Some of these tours allowed WildWings clients to be amongst the first to see some of the world’s truly mythical seabirds with multiple ‘world first’ sightings for a tour. These included Beck’s Petrel, Bryan’s Shearwater and Ainley’s Storm-petrel to name a few. Indeed, it was during the 2008 Western Pacific Odyssey, developed jointly by John, Chris Collins and Rodney Russ (owner of Heritage Expeditions) that the New Caledonian Storm-petrel was first seen – a bird now accepted as a good species.

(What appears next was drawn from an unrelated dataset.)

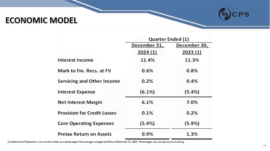 经济模型利息收入2024(1)2023(1)11.4% 11.3% Mark to FIN. Recs. at FV服务和其他收入利息支出净息差信用损失准备金核心经营费用0.6% 0.8% 0.2% 0.4%(6.1%)(5.4%)6.1% 7.0% 0.1% 0.2%(5.4%)(5.9%)截至(1)12月31日止季度,12月30日,税前资产收益率0.9% 1.3%(1)截至九个月的经营报表,占截至2024年12月31日平均管理投资组合的百分比。由于四舍五入,百分比可能不相加。13

Around the turn of the millennium, John and Richard Webb started looking to expand the WildWings offering by offering mammal watching tours and in 2004 WildWings became the first European tour company to offer tours to Brazil to see Jaguars, at a time when it was considered virtually impossible to see this species reliably in the wild. Four different individuals were found on that first tour and since then, WildWings have launched many other new and innovative mammal tours including the first dedicated trips to look for Pumas in Chile, Spectacled Bears in Ecuador and Red Pandas, Chinese Mountain and Pallas’s Cats in China. John’s pioneering spirit helped create new opportunities which many other tour companies have followed, enabling many people to see species that were previously thought to be almost impossible to find in the wild.


One of John’s final personal trips was in early 2019 to India and Nepal, where he and Sarah enjoyed seeing their first Tigers. The death of a number of his friends during the previous eighteen months had been a wake-up call to him and he was planning to do much more travelling including a fantastic itinerary in China to see his most wanted mammal, Red Panda, along with Snow Leopard and hopefully even a wild Giant Panda. It is both ironic and unfair that having put an inordinate amount of effort into providing so many people with the opportunity to visit wonderful places and see so many amazing birds and mammals, John was not able to fulfil all of his and Sarah’s dreams.


John was terrific to work with. WildWings was his extended family and he treated the WildWings team and clients as if they were his family. His funeral said everything you needed to know about the high regard in which he was held. The chapel was packed with friends, family and clients, some having travelled from as far afield as New York to attend.


John was an outstanding person and it is an honour to have been able to call him a friend. He will be greatly missed by everyone who knew him. Our deepest and heartfelt sympathies go to his partner Sarah and his whole family.